Kernel Execution Sequence

What is the order of kernel execution?
The literature talks about asynchronous execution, but asynchronous in what respect?
It appears, it is the threads in the kernel that are executed asynchronously (unknown sequence).
The kernel execution themselves don’t appear to execute asynchronously, or do they?

I have 3 kernels, none contain any blocking/synchronous operations.
If I call kernelA, then kernelB, then a THRUST call, and then kernelC. How are they executed on the GPU?

Will kernelB ONLY start after kernelA is finished? (i.e. One after the other.)
Can kernelB start before kernelA has finished? (i.e. Can 2 kernels run at the same time.)
In which case, kernelC could complete execution before kernelA is complete.
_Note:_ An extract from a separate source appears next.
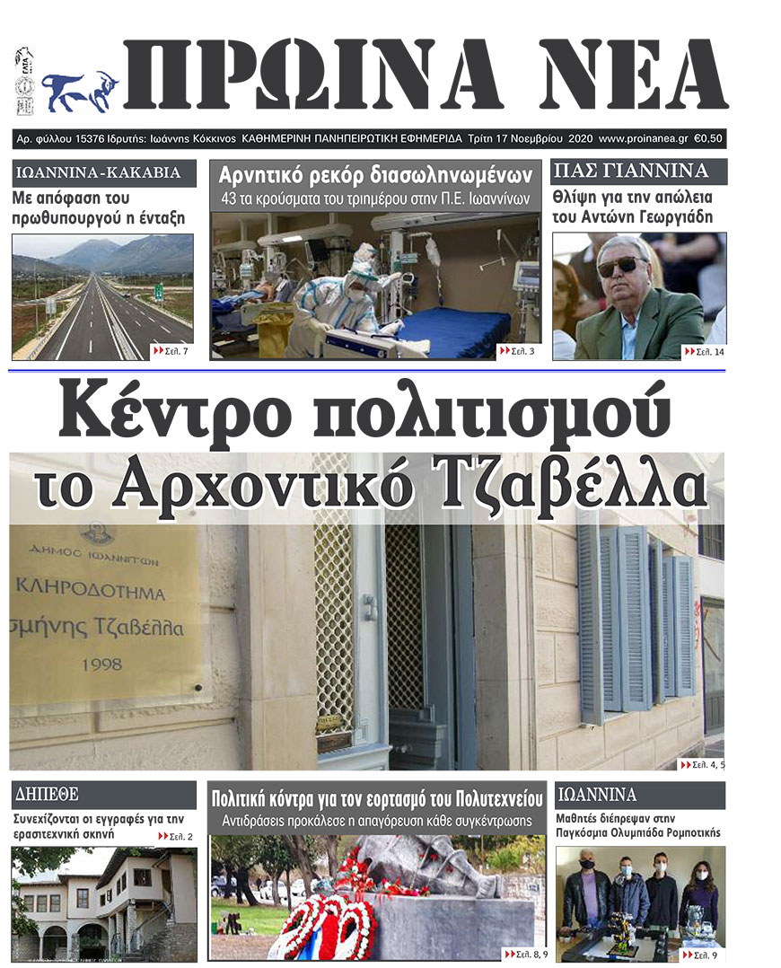 ΑρχικήΕΙΔΗΣΕΙΣΗΠΕΙΡΟΣ ΗΠΕΙΡΟΣ Τα πρωτοσέλιδα των γιαννιώτικων εφημερίδων 17.11.2020 140 FacebookTwitterWhatsAppEmailΤυπώνωViber Διαβάστε στα πρωτοσέλιδα των γιαννιώτικων εφημερίδων της Τρίτης 17 Νοεμβρίου TagsΓΙΑΝΝΙΩΤΙΚΕΣ ΕΦΗΜΕΡΙΔΕΣΠΡΩΤΟΣΕΛΙΔΑ FacebookTwitterWhatsAppEmailΤυπώνωViber Προηγούμενο άρθροΑπό τα φαρμακεία του ΕΟΠΥΥ θα εξυπηρετούνται τα στελέχη του ΛιμενικούΕπόμενο άρθροΜία διεθνής διάκριση για μαθητές στη Ρομποτική ΣΧΕΤΙΚΑ ΑΡΘΡΑ Τα πρωτοσέλιδα των γιαννιώτικων εφημερίδων TOP STORIES 31.10.2025 Τα πρωτοσέλιδα των γιαννιώτικων εφημερίδων ΗΠΕΙΡΟΣ 30.10.2025 Τα πρωτοσέλιδα των γιαννιώτικων εφημερίδων ΗΠΕΙΡΟΣ 28.10.2025 Τα πρωτοσέλιδα των γιαννιώτικων εφημερίδων ΗΠΕΙΡΟΣ 25.10.2025 Τα πρωτοσέλιδα των γιαννιώτικων εφημερίδων ΗΠΕΙΡΟΣ 24.10.2025 Τα πρωτοσέλιδα των γιαννιώτικων εφημερίδων ΗΠΕΙΡΟΣ 23.10.2025 ΣΤΗΝ ΙΔΙΑ ΚΑΤΗΓΟΡΙΑ Οδηγούσε χωρίς άδεια που του είχε αφαιρεθεί λόγω μέθης ΗΠΕΙΡΟΣ 31.10.2025 Ακόμα δύο συλλήψεις για περιστατικό τραυματισμού ανηλίκου στη Θεσπρωτία ΗΠΕΙΡΟΣ 31.10.2025 Εξιχνίαση κλοπής κινητού από ηλικιωμένο στην Άρτα ΗΠΕΙΡΟΣ 31.10.2025 Σκληρή κριτική στη Δημ. Αρχή Δωδώνης από τον Γ. Καραμπίνα ΗΠΕΙΡΟΣ 31.10.2025 Το ΠΑΣΟΚ Θεσπρωτίας για το κλείσιμο των υποκαταστημάτων ΕΛΤΑ σε Παραμυθιά και Φιλιάτες ΗΠΕΙΡΟΣ 31.10.2025 Έτοιμο για διαγωνισμό το έργο του νέου κτιρίου της Αστυνομικής Διεύθυνσης Θεσπρωτίας ΗΠΕΙΡΟΣ 31.10.2025 ΜΗ ΧΑΣΕΤΕ Ασταθής ο καιρός – Πού αναμένονται βροχές Μειωμένη η θετικότητα για covid-19 την τελευταία εβδομάδα Οι ιχθυολόγοι κρούουν τον κώδωνα του κινδύνου Αποκλεισμένοι ακόμη και από πάρκα και πλατείες… Τα πρωτοσέλιδα των γιαννιώτικων εφημερίδων ΔΗΜΟΦΙΛΗ Πότε είναι η Black Friday και πότε ξεκινούν οι εκπτώσεις Αποφασισμένοι να κρατήσουν ανοιχτό το κατάστημα ΕΛΤΑ στα Πράμαντα Κλείνει τη Δευτέρα 3 Νοεμβρίου η πλατφόρμα Α21-Επίδομα Παιδιού Μειωμένη η θετικότητα για covid-19 την τελευταία εβδομάδα «Θηλασμός και τροφικές αλλεργίες»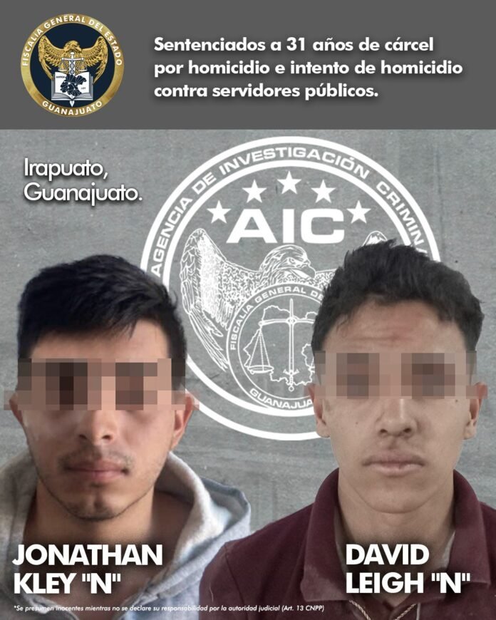 Irapuato, Gto. 07 de marzo de 2024.- Derivado de la agresión a elementos de corporaciones policiacas ocurrido el 19 de febrero de 2022, en la carretera que conecta a Irapuato con Pueblo Nuevo, dos sujetos han sido sentenciados a 31 años de cárcel.

Does the THRUST call appear as a single kernel?
Could a single THRUST call include more than one kernel call?
Do the THRUST calls include blocking between other THRUST or kernel calls?

Even though the kernels are started in a certain order, can they execute in a different order? i.e. Could kernelB start execution in the GPU before kernelA?


Kernels in the same CUDA stream (and if you don’t specify a stream, it is stream 0) will always run in the order you submit them. The asynchronous aspect of CUDA is that once you launch a kernel (or several), execution continues almost immediately on the CPU while the kernels run on the GPU in the background, until the CPU hits some kind of synchronization point, such as cudaDeviceSynchronize() or cudaMemcpy().

If you create multiple CUDA streams, then kernels in different streams can run in an arbitrary order relative to each other, or possibly even simultaneously.

I don’t use Thrust, so I can’t address those questions.